Beirut – Shaker Youssef Al-Absi , the fugitive leader of the Fatah al-Islam militants was killed today as he was trying to flee the Nahr el Bared Palestinian refugee camp in north Lebanon.
This information was confirmed by a hospital in Tripoli and by Lebanese army sources.
According to army sources, Al-Absi was killed in the morning and his body was found near the eastern section of the camp. The army brought in some Fatah al Islam detainees to view the body and they all confirmed that it was that of Al- Absi. Later in the day, the army performed DNA tests which provided the final proof of his death.

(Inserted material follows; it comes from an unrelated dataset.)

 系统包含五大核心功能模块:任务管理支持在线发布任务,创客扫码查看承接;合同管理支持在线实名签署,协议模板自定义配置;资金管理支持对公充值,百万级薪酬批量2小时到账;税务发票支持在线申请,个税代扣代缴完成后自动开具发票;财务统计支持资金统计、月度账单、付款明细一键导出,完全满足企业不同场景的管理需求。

There were many conflicting reports today about the whereabouts of Al-Absi. Late afternoon it was reported that that the army has captured Al-Absi. Early afternoon it was reported that he was able to escape.
Similarly it was reported earlier that Abu Salim Taha, the spokesman of Fatah al Islam has surrendered, but the latest report confirmed that he died today after he was fatally wounded while he was trying to escape.

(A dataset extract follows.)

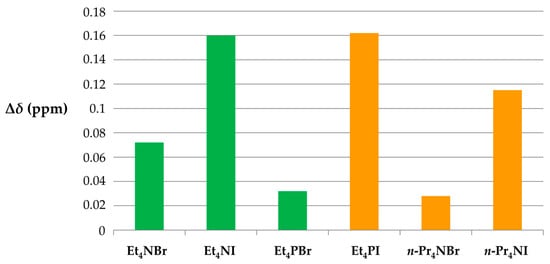 Finally, 19F NMR experiments were performed to assess the XB presence between 1 and 2c,d in solution (Figure 5). Small upfield shifts were observed for the signal of 1 upon the addition of different onium salts, with the chemical shift changes ranging from 0.028 to 0.162 ppm (Table S1). For a given cation, bromide salts afforded smaller chemical shift changes than iodide salts in all cases, consistent with observations reported for other haloperfluorocarbons/halide adducts in solution [35].

The army victory today brings to an end the Fatah al-Islam organization, and the life of of its leader Shaker Youssef Al-Absi.

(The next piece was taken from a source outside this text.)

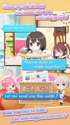 There are so many cute outfits and the dialogue is cute. There is both a normal and a "light" version. The light version would be reccommended for those who want less raunchy themed outfits while the normal version does contain revealing outfits and such. There is plenty to do in the game and there are constantly events so it's hard to become bored with the game. Update: Had to drop the rating. New update/setup is not as user friendly as before and you gotta dig and guess to find some features.

Background Information on Al-Absi
Al-Absi is high on Jordan’s most-wanted terror list. A military court sentenced him to death in absentia in July 2004, along with al-Qaida in Iraq leader, Jordanian-born Abu Musab al-Zarqawi, for their roles in the 2002 slaying of a U.S. diplomat in Amman.
Al-Zarqawi died in a U.S. airstrike a year ago.
Jordanian prosecutors say al-Absi, who is also known as Abu Youssef, sent money raised by al-Zarqawi through intermediaries to the Jordanian cell that killed the American diplomat, Laurence Foley. Al-Absi also arranged to train militants in Syria on weapons and explosives, according to Jordanian military court documents.
Al-Absi was also implicated in other planned terror plots in Jordan. Six months ago, Jordanian police engaged in a gun battle with two militants in the northern city of Irbid, killing one and arresting another. The arrested militant later confessed that al-Absi had sent the pair to carry out terror attacks in Jordan.
Unlike traditional Palestinian militants like Hamas and Islamic Jihad, al-Absi has for years been interwoven with the al-Qaida-linked militant underground, reportedly visiting Iraq and Afghanistan and associating with al-Zarqawi, one of al-Qaida’s most brutal leaders.
Al-Absi is wanted in three Mideast countries – Jordan, Lebanon and Syria.
He reportedly came to Lebanon last year from Syria, where he spent a number of years, some of them in prison. In the Nahr el-Bared camp – safe from Lebanese authorities who cannot enter Palestinian refugee camps under a 40-year-old agreement – he slowly built up his organization.